Bu satırlar, İtalyan Edebiyatının büyük kalemlerinden Italo Calvino'nun, ölümünden üç sene önce yayınladığı Palomar adlı kitabından. Kendini tanıma yolunda ilerleyen, kendi bilgeliğine ulaşmak isteyen Palomar adlı sade bir adamın hikayesini anlatıyor bu kitapta Calvıno.
Palomar, romanda üç kere dilini ısırıyor konuşmadan önce.
***
Sonra şöyle devam ediyor roman:
"Susmaya elverişli fırsatların yokluğu duyulmuyor hiç ama çok seyrek de olsa Bay Palomar'ın, bir şeyi uygun zamanda söylememiş olmanın pişmanlığını duyduğu oluyor..."
alomar'ın
"Bir adam, adım adım bilgeliğe ulaşmak için yürüyüşe çıkıyor... Hala oraya varamadı..." sözleriyle özetlenebilecek bu incelikli, zarif hikayesi, kitapta sürüyor.

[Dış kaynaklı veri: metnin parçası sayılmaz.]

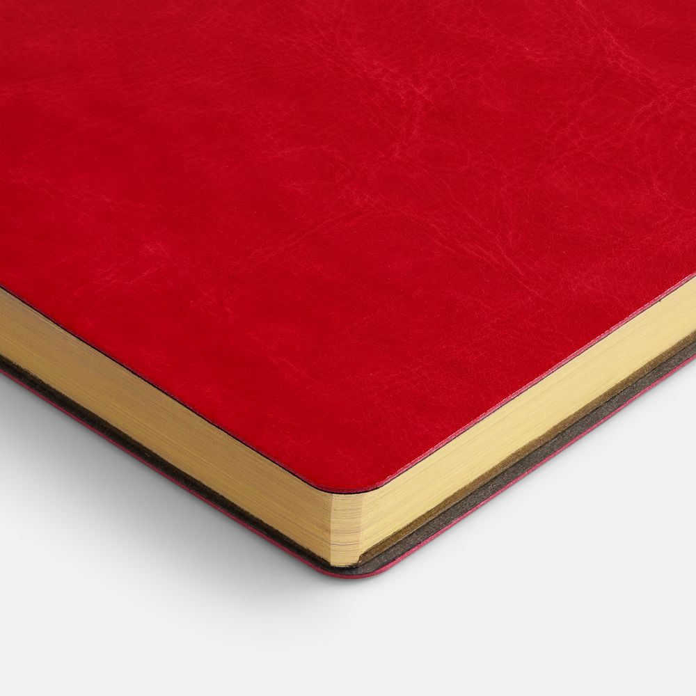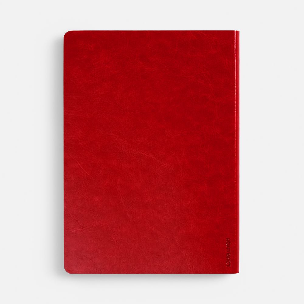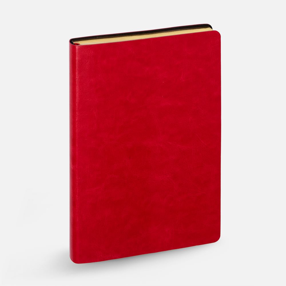 Ежедневник с гибкой обложкой, выполнен из материала Nebraska, красный PP, дополнен ляссе красного цвета.

Nedense bu roman ve kahramanı, herkesin çok fazla konuştuğu; çok konuşurken üstelik düşünmeden konuştuğu; düşünmeden konuşurken üstelik bilgisizce konuştuğu; bilgisizce konuşurken üstelik
'demogoji' yaptığı; bunu da gerçekleştirirken üstelik karşısındaki insanları
'aptal' yerine koyduğu; bu nedenle
'trajikleşen' günümüz Türkiye manzaralarına çok uyuyor. Televizyon tartışmaları, haber programları, çığlık çığlığa haykırışlar; çok bağıranın kendisini nedense çok haklı hissettiği; fikirlerin bir ifade etme biçimini aşarak, saldırı aracı halini aldığı; darbecilerin demokrat, demokratların darbeci göründüğü; inceliklerin çoktan rafa kaldırıldığı, ruhların iki yüzlüleştiği çarpık gündemin akışında; insanın kendisini boğuluyor gibi hissetmemesi, mümkün değil.
Bu nedenle en iyisi Calvino'nun roman kahramanı Palomar gibi sessizliğe bürünmek. Konuşmadan önce, üç kere dilini ısırması insanın, en güzeli galiba.